Learning about Learning: Educational Data Mining

Earlier this summer, I crossed the Atlantic and traveled to Madrid to give a talk at the 8th International Conference on Educational Data Mining. I presented a prototype, built by myself and my colleagues at Stanford, that stages intelligent interventions in the discussion forums of Massive Open Online Courses. Our pipeline, dubbed YouEDU, detects confusion in forum posts and recommends instructional video snippets to their presumably confused authors.

EDM took place in Madrid this year. Pictured above the Retiro Pond in Buen Retiro Park. It has nothing to do with EDM, but I enjoyed the park so please enjoy the picture.

The Educational Data Mining Conference took place in Madrid this year. Pictured above the Retiro Pond in Buen Retiro Park. It has nothing to do with EDM. But I enjoyed the park so please enjoy the picture.

No, not that kind of EDM
Educational Data Mining — affectionately collapsed to EDM — might sound opaque. From the society’s website, EDM is the science and practice of

developing methods for exploring the unique and increasingly large-scale data that come from educational settings, and using those methods to better understand students, and the settings which they learn in.

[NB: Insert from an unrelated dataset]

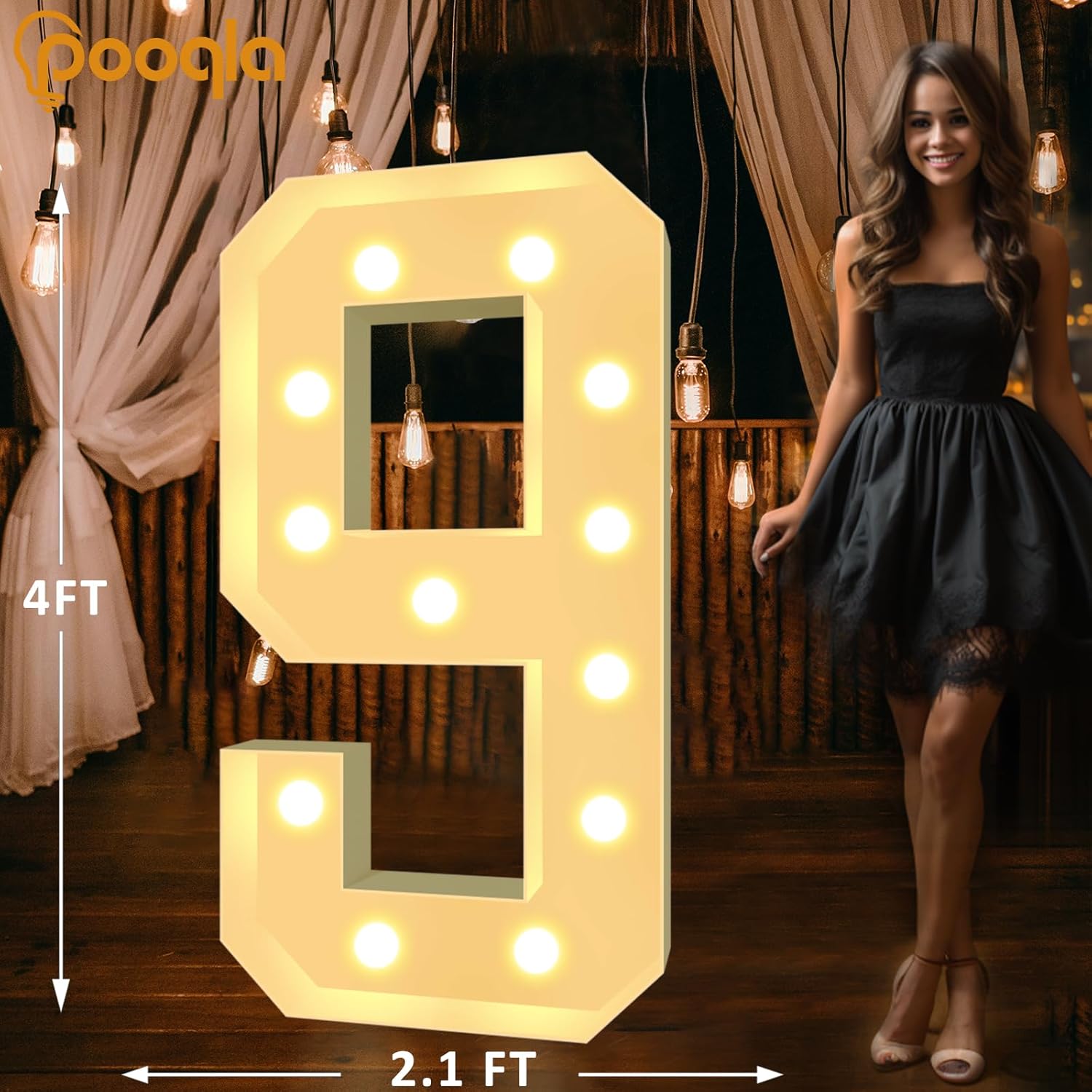 Pooqla 4 FT Light Up Marquee Numbers, Cool White and Warm White LED Large Lighted Marquee Numbers, Giant Mosaic Light Up Numbers for Balloons 9th 19th 90th Birthday Party Decoration, LED Number 9

Any educational setting that generates data is a candidate for EDM research. So really any educational setting is a candidate, full stop. In practice, EDM-ers often find themselves focusing their efforts on computer-mediated settings, like tutoring systems, educational games, and MOOCs, perhaps because it’s easy to instrument these systems to leave behind trails of data.

Popular methods applied to these educational settings include student modeling, affect detection, and interventions. Student models attempt to approximate the knowledge that a student possesses about a particular subject, just as a teacher might assess her student, while affect detectors classify the behavior and emotional states of students. Interventions attempt to improve the experience of students at critical times. My own work marries affect detectors with interventions in an attempt to improve MOOC discussion forums.

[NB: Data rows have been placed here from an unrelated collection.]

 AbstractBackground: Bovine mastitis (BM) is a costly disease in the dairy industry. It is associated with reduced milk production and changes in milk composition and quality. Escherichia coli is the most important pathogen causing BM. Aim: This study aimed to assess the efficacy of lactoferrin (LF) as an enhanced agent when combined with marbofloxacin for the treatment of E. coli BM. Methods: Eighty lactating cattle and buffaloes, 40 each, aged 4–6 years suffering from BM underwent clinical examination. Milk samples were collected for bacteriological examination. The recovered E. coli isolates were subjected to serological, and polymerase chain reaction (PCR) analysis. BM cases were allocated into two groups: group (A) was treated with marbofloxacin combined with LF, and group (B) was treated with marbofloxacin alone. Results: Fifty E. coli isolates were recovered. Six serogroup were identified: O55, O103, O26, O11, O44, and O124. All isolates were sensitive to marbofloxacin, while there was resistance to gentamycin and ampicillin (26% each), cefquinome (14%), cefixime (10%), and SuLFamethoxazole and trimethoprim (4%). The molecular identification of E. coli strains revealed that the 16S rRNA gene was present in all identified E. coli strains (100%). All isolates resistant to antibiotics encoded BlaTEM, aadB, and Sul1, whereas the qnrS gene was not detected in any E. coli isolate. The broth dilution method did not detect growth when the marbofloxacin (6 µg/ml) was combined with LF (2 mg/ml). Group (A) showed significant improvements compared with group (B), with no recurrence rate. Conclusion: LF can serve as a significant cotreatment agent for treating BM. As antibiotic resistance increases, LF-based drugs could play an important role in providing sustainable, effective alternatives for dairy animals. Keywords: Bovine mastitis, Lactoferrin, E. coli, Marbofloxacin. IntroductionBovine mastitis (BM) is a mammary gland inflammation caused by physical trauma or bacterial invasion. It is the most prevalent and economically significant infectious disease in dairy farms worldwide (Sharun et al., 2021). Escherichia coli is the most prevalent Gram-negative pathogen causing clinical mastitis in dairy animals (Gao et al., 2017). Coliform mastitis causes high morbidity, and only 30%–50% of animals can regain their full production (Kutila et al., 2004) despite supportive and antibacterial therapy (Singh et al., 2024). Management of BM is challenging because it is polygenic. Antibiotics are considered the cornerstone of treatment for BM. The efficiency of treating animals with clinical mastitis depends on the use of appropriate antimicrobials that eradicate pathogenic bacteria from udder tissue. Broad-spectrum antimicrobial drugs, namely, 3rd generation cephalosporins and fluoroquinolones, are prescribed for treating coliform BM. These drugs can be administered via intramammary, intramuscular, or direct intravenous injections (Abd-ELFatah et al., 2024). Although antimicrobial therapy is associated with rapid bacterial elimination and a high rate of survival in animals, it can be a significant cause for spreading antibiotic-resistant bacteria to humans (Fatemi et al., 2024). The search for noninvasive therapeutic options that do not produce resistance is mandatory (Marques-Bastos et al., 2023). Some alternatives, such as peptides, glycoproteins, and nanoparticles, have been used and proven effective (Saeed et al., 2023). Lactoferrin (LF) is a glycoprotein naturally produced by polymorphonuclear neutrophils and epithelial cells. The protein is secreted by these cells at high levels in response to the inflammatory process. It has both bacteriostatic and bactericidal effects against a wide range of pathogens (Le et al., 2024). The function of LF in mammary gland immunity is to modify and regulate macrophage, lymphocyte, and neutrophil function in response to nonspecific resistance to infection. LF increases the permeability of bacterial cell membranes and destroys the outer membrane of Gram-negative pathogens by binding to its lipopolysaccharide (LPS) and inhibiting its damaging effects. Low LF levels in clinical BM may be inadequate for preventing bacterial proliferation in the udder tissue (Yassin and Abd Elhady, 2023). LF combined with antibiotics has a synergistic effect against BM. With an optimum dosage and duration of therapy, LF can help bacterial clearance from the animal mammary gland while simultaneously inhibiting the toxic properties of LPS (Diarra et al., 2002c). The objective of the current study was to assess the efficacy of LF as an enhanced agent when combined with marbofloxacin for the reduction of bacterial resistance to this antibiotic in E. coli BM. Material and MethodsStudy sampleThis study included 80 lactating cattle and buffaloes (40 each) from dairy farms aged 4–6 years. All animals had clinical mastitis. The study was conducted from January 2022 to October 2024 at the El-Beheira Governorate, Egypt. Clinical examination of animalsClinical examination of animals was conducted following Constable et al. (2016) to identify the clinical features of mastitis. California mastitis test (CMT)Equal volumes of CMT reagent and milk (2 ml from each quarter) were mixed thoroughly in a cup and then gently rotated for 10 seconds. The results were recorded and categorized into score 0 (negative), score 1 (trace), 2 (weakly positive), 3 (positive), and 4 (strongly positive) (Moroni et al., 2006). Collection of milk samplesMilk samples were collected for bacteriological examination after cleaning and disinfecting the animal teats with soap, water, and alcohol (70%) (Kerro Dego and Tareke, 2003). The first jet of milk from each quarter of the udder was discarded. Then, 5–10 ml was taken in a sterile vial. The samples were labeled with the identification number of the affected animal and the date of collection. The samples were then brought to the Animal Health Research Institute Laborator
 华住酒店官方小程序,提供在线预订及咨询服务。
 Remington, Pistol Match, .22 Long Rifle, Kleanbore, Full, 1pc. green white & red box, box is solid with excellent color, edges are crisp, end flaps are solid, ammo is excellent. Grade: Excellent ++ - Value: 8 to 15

Making discussion forums smarter
I became interested in augmenting online education with artificial intelligence a couple of years ago, after listening to a talk at Google and speaking with Peter Norvig. That interest lay dormant for a year, until I began working as a teaching assistant for a Stanford MOOC. I spent a lot of time answering questions in the discussion forum, questions asked by thousands of students. Helping these students was fulfilling work, to be sure. But slogging through a single, unorganized stream of questions and manually identifying urgent ones wasn’t particularly fun. I would have loved an automatically organized inbox of questions.

The YouEDU architecture. Posts are fed to a classifier that screens posts for confusion, and our recommender then fetches clips relevant to the confused posts.

The YouEDU architecture. Posts are fed to a classifier that screens posts for confusion, and our recommender then fetches clips relevant to the confused posts.

That these discussion forums were still “dumb”, so to speak, surprised me. I reached out to the platforms team of Stanford Online Learning, who in turn sent me to Andreas Paepcke, a senior research scientist (and, I should add, an incredibly supportive and kind mentor). It turned out that I wasn’t the only one who wished for a more intelligent discussion forum. I paired up with a student of Andreas’ to tackle the problem of automatically classifying posts by the affect or sentiment they expressed.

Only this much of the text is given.